State Street Trust, one of the largest managers of retirement savings, has produced a realistic estimate of the cost of a personal retirement account.9 Using proprietary data the bank accumulated from its experience in managing a host of pension plans, State Street estimated an annual per-person administrative cost of $3.38 to $6.58. Expressed in terms of the percentage of assets under management, the annual fee would be only 0.19 percent to 0.35 percent. This fee assumes an annual contribution per worker equal to 2 percent of his or her gross earnings. The cost would drop significantly if that contribution climbs to an amount equal to 4 percent of earnings.

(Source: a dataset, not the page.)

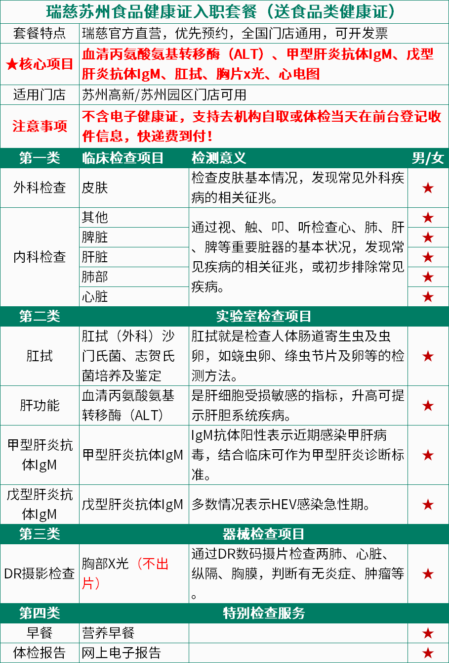 食品健康证入职体检套餐(苏州) 送食品健康证

State Street's findings were reviewed and accepted by the U.S. General Accounting Office as accurate.
History shows that administrative costs are highest when a system is first implemented and start-up costs must be covered. As time goes on, administrative costs decline significantly. This is true in the case of 401(k) accounts, the Thrift Savings Plan (TSP) for federal employees, and even Social Security. Over the years, for example, the administrative costs of 401(k) plans have decreased despite the growth in investment options and the level of personal service. Although the costs of specific plans vary according to each plan's complexity and size and the type of assets in which the plan is invested, many large companies have been able to keep their annual costs as low as 0.3 percent by offering only a limited number of broad-based funds.
The federal Thrift Savings Plan, which is a privately managed retirement plan open only to federal employees, has experienced a dramatic 76 percent reduction in administrative costs since the system started in 1988. Participants pay administrative fees that are below 0.10 percent of assets under management annually. The TSP's very low administrative costs are significant, given that many experts expect that a system of personal retirement accounts would closely resemble the structure and investment choices found under this plan.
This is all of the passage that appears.